__Exercise details__:
Repeat only the lines below from the one that contains "Als wir ankamen" through the final line, exactly. Omit pictures.

__Supplied information__:

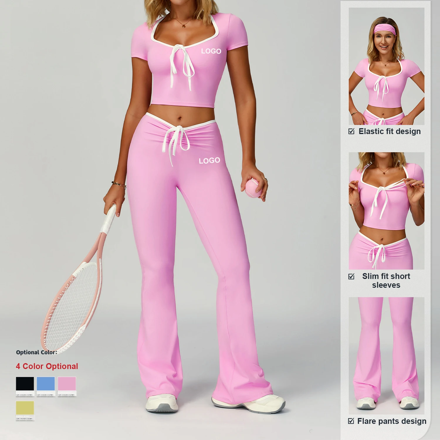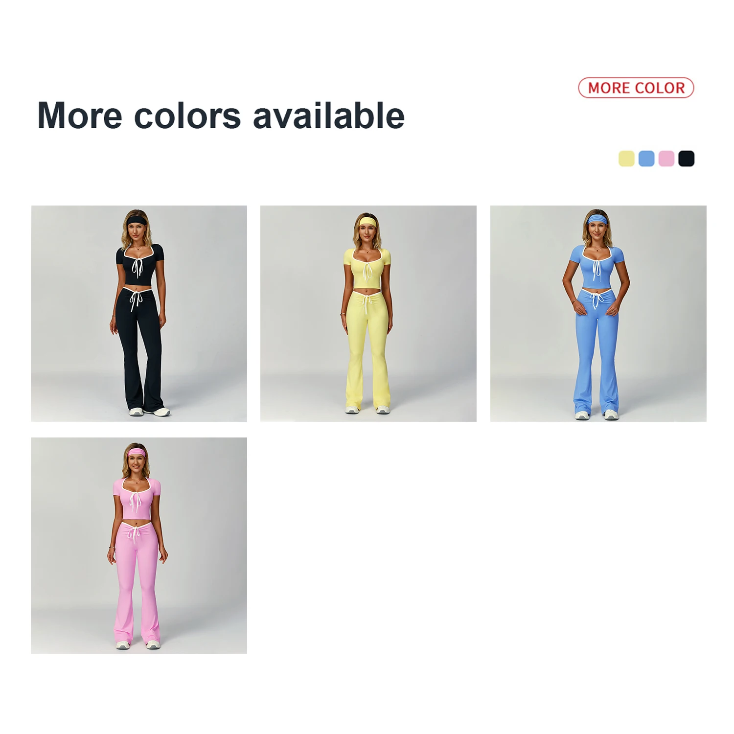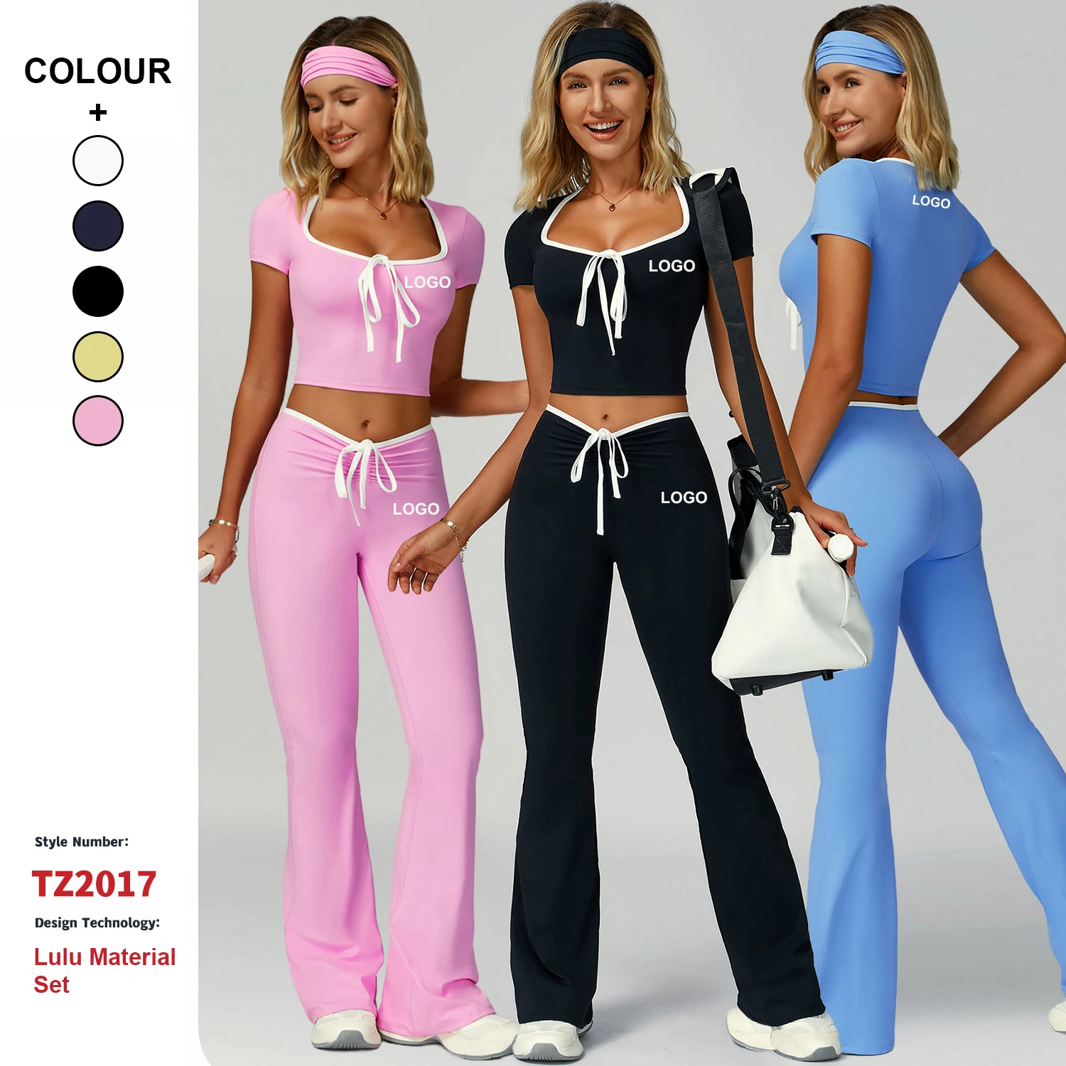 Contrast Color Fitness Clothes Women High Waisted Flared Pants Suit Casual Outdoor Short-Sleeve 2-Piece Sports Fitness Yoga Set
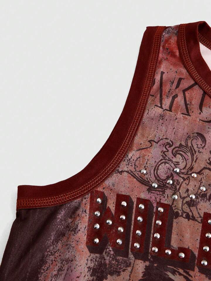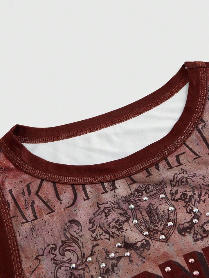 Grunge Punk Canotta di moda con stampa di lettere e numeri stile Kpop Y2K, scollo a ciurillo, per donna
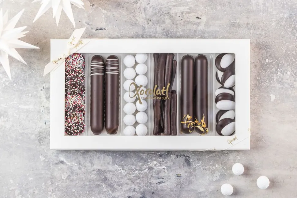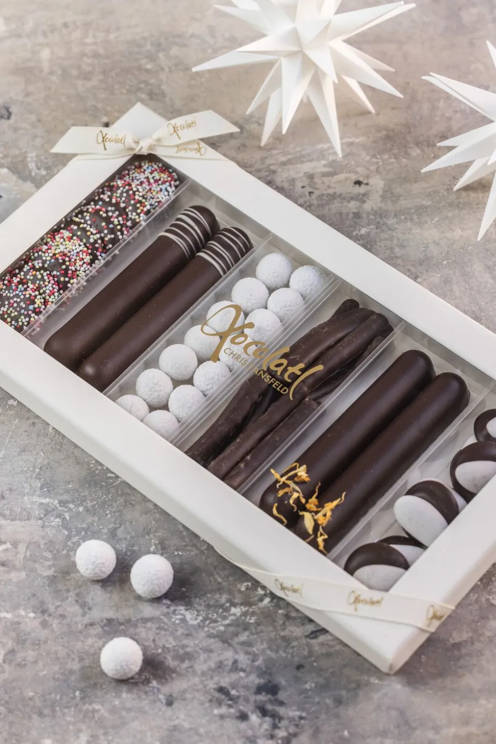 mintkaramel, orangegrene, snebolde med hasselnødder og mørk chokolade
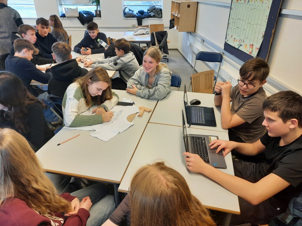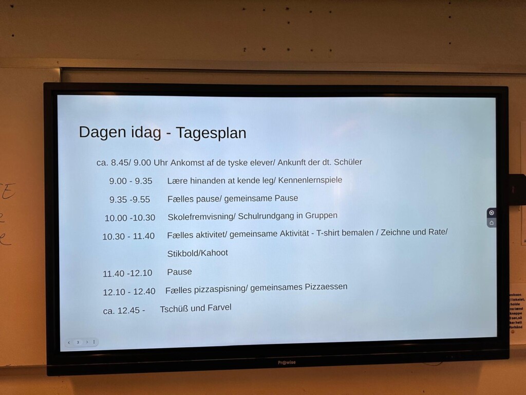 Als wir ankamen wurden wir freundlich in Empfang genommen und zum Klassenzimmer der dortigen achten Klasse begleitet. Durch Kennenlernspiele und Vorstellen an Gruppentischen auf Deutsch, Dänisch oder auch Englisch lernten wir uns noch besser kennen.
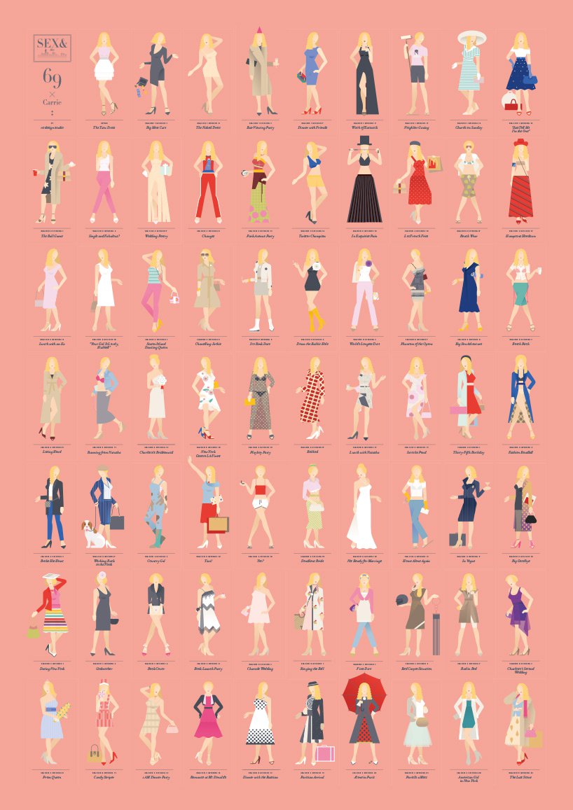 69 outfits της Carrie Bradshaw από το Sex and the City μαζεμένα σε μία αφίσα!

__The answer__:
 Als wir ankamen wurden wir freundlich in Empfang genommen und zum Klassenzimmer der dortigen achten Klasse begleitet. Durch Kennenlernspiele und Vorstellen an Gruppentischen auf Deutsch, Dänisch oder auch Englisch lernten wir uns noch besser kennen.
 69 outfits της Carrie Bradshaw από το Sex and the City μαζεμένα σε μία αφίσα!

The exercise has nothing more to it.